Famed chef Michael White, who re-invented classic Italian cuisine at Marea and other Michelin-starred Manhattan eateries, is coming back to town.
In a move reflecting East Midtown’s slow-but-steady revival, he signed a lease for a new restaurant at Tishman Speyer’s 520 Madison Avenue, the landlord and the chef revealed.
It’s the sixth marquee-name restaurant deal signed in the past year for the supposedly dying East 40s and 50s — a phenomenon overlooked amidst “doom cycle” chatter that under-populated offices are killing Midtown restaurants.
White’s new, modern-Italian place will open next year behind the tower’s recessed plaza.
White once ran celebrated Alto at the same location.
East Midtown dining spots depend on the lunch trade driven by office workers.
Although every week brings another tale of possible foreclosures and downgrades of commercial debt, the back-to-office trend is accelerating at high-end properties.
Tishman Speyer’s and White’s confidence in the future of the Manhattan office market is shared on a larger scale by private lender Fortress Investment Group, which recently acquired $1 billion of office loans from Capital One, as the Commercial Observer first reported.
The purchase represents a “big bet on the rebound of New York City’s office sector,” a source told the CO, because Big Apple office loans accounted for a large chunk of the portfolio.
Real Estate Board of New York director of market data Keith DeCoster cited Placer.ai data for 190 Midtown buildings that showed “device visits” up 11 percent in July over the previous July and 64 percent office visits in prime A-plus properties in the first quarter of 2023.
The restaurant influx reflects East Midtown’s improved fortunes.
Opening this fall are Jean-Georges Vongerichten’s Four-Twenty-Five at L&L Holding Company’s 425 Park Ave. — easily the district’s most momentous debut — and David Burke’s Park Avenue Kitchen at 277 Park Ave.

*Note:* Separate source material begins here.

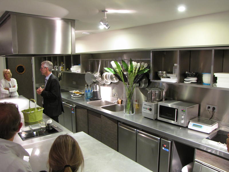 La visite s’est conclue dans « la grande cuisine » qui sert aux cours de cuisine mais également aux dîners organisés pour des groupes. Nous y avons fait une deuxième dégustation avec trois bonbons de chocolat noir. Notons les traits communs à toute la gamme : une couverture très fine, un poids de 8g, une taille restreinte, une forme carrée et l’absence de décalcomanie pour le décor. En fonction de la nature du bonbon désiré, cinq couverturiers différents sont sollicités. La première ganache nature, déclinaison du carré de chocolat « pur cru Madagascar » précédemment dégusté, nous a étonné par sa note marquée de caramel. Le deuxième bonbon renfermait des saveurs de cannelle et de muscade expliquant son appellation « épices douces ». Pour conclure, une ganache au citron nous a permis d’apprécier la réussite d’un subtil équilibre entre fruit et chocolat.

Next year will see the launches of Simon Kim’s as yet-unnamed, “multi-faceted” venue at The Olayan Group’s 550 Madison Ave.; Rocco’s steakhouse on the former BLT Steak site at 106 E. 57th St.; and a new outpost of mini-empire Rosemary’s at the Durst Organization’s 825 Third Ave.
All the arrivals except for Rocco’s are in office towers whose owners wanted signature restaurants for their marquee properties.
Some landlords helped tenants with shared build-out costs and flexible lease terms, but, “Nobody gave away the store,” one restaurateur said who didn’t want to be named.
“I only wish they did.”
L&L Holding Co. chairman/CEO David W. Levinson, who lured Vongerichten to the Norman Foster-designed 425 Park Ave., said, “We’ll have over 1,000 people in the building by March. Our tenants including Citadel are still in the process of moving in.”
“Midtown is very, very busy,” Levinson said. “The talk doesn’t match up at all really with reality.”
Reflecting the renewed energy, Ralph Lauren’s Polo Bar on East 55th Street plans to resume its pre-pandemic, seven-night schedule in October after serving only on Tuesday-Saturday since mid-2021.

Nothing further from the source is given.